Extrinsic Calibration of 2D Millimetre-Wavelength Radar Pairs Using Ego-Velocity Estimates

TL;DR

This paper introduces a novel calibration method for 2D millimetre-wavelength radar pairs that uses ego-velocity estimates, eliminating the need for shared fields of view or special targets, and improves accuracy over existing techniques.

Contribution

The authors propose a new ego-velocity-based calibration approach that estimates key transform parameters without requiring overlapping views or dedicated targets.

Findings

Method is more reliable than state-of-the-art techniques.

Calibration of yaw and translation axis is achieved without shared FOV.

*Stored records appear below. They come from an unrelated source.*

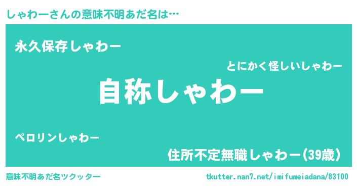 | ヘコむあだ名 | 『しゃわー(小並感)』『しゃぷりん』 |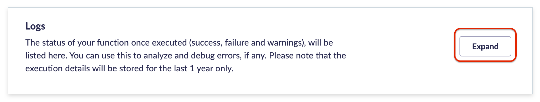 The logs in each Function API configuration lists the details of every request handler execution and its results for the past one year. The details include execution time, status, parameters passed, and the data returned by the function. These logs can be used to analyze and debug issues in the API execution.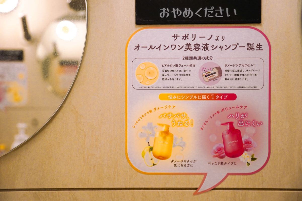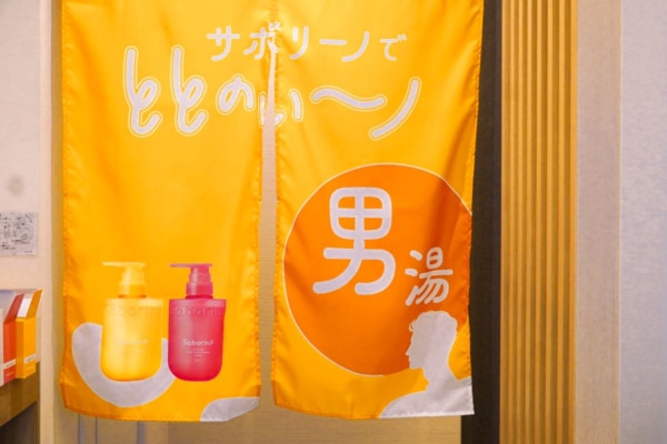 入口では、コラボのコンセプト「サボリーノでととのい~ノ」の文字と新商品シャンプーがプリントされた特注のれんがお出迎え。早速テンションが上がります。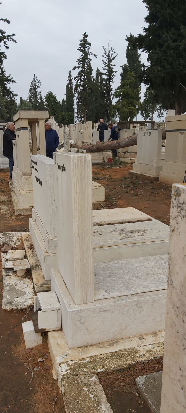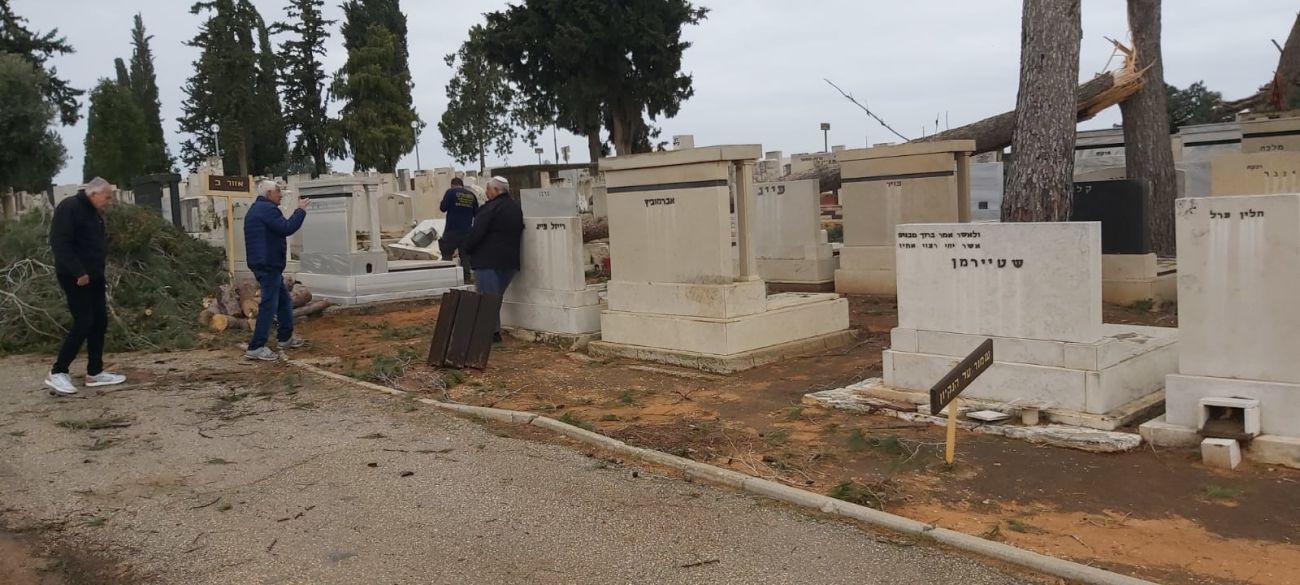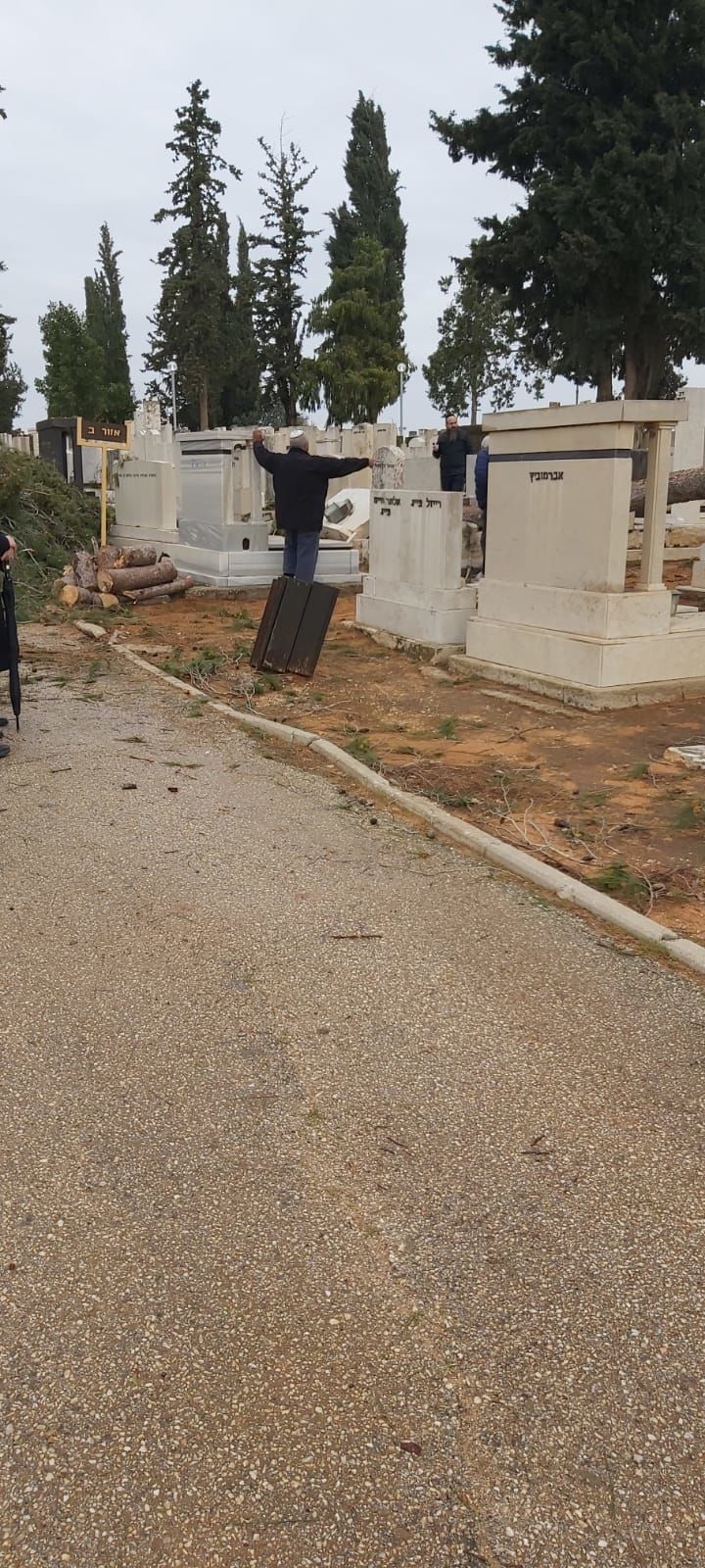 היום שישי 13/3 עובדי חברת קדישא אשר הגיעו לבית העלמין גילו כי הסופה ניפצה מצבות, עצים קרסו וישנם עצים העומדים בפני קריסה.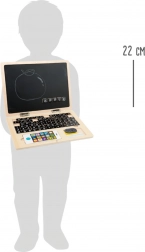 Denne træncomputer tilbyder en interaktiv og lærerig oplevelse for børn. Den er udstyret med bevægelige brikker med bogstaver, tal og symboler, der let kan flyttes på den magnetiske tavle, hvilket gør det muligt at danne forskellige ord eller løse matematiske opgaver. Derudover er der et kridtafdeling, hvor børn kan male og skrive og let kan viske alting ud ved hjælp af en svamp.

Full transform can be recovered with coarse rotation rate info.

Abstract

Correct radar data fusion depends on knowledge of the spatial transform between sensor pairs. Current methods for determining this transform operate by aligning identifiable features in different radar scans, or by relying on measurements from another, more accurate sensor. Feature-based alignment requires the sensors to have overlapping fields of view or necessitates the construction of an environment map. Several existing techniques require bespoke retroreflective radar targets. These requirements limit both where and how calibration can be performed. In this paper, we take a different approach: instead of attempting to track targets or features, we rely on ego-velocity estimates from each radar to perform calibration. Our method enables calibration of a subset of the transform parameters, including the yaw and the axis of translation between the radar pair, without the need for a shared field of view or for specialized targets. In general, the yaw and the axis of translation are the most important parameters for data fusion, the most likely to vary over time, and the most difficult to calibrate manually. We formulate calibration as a batch optimization problem, show that the radar-radar system is identifiable, and specify the platform excitation requirements. Through simulation studies and real-world experiments, we establish that our method is more reliable and accurate than state-of-the-art methods. Finally, we demonstrate that the full rigid body transform can be recovered if relatively coarse information about the platform rotation rate is available.